▶ [Work item]: Every line with "this" in it should be copied from the data.

───── Given data ─────

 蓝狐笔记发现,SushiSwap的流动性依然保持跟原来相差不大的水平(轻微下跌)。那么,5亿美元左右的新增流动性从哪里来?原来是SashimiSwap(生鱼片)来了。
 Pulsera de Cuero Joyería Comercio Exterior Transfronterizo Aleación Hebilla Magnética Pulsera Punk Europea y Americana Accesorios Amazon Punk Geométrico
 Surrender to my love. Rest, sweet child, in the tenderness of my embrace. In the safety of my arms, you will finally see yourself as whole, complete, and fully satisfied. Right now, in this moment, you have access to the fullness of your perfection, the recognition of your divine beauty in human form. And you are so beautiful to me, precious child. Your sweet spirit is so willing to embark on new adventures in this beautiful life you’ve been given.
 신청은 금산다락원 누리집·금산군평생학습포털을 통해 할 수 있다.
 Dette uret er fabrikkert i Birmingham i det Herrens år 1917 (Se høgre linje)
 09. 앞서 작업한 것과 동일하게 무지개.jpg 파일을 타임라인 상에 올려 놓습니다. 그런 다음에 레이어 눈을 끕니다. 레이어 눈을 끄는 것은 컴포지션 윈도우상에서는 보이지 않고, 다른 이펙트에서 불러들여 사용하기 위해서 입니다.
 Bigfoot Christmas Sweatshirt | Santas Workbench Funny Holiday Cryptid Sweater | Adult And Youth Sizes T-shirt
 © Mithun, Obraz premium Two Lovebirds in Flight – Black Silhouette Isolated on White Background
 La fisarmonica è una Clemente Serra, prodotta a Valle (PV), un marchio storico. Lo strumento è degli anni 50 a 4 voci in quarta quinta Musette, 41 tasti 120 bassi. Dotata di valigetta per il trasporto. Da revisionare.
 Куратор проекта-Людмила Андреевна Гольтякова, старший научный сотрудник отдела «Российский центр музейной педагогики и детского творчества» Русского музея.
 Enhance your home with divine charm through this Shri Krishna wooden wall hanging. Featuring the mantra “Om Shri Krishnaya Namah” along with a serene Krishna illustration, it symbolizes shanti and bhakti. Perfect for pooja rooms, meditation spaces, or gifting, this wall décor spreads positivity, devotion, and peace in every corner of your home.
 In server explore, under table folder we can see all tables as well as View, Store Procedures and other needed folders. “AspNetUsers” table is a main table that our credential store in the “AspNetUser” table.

─────

▶ [Solution]:
 Surrender to my love. Rest, sweet child, in the tenderness of my embrace. In the safety of my arms, you will finally see yourself as whole, complete, and fully satisfied. Right now, in this moment, you have access to the fullness of your perfection, the recognition of your divine beauty in human form. And you are so beautiful to me, precious child. Your sweet spirit is so willing to embark on new adventures in this beautiful life you’ve been given.
 Enhance your home with divine charm through this Shri Krishna wooden wall hanging. Featuring the mantra “Om Shri Krishnaya Namah” along with a serene Krishna illustration, it symbolizes shanti and bhakti. Perfect for pooja rooms, meditation spaces, or gifting, this wall décor spreads positivity, devotion, and peace in every corner of your home.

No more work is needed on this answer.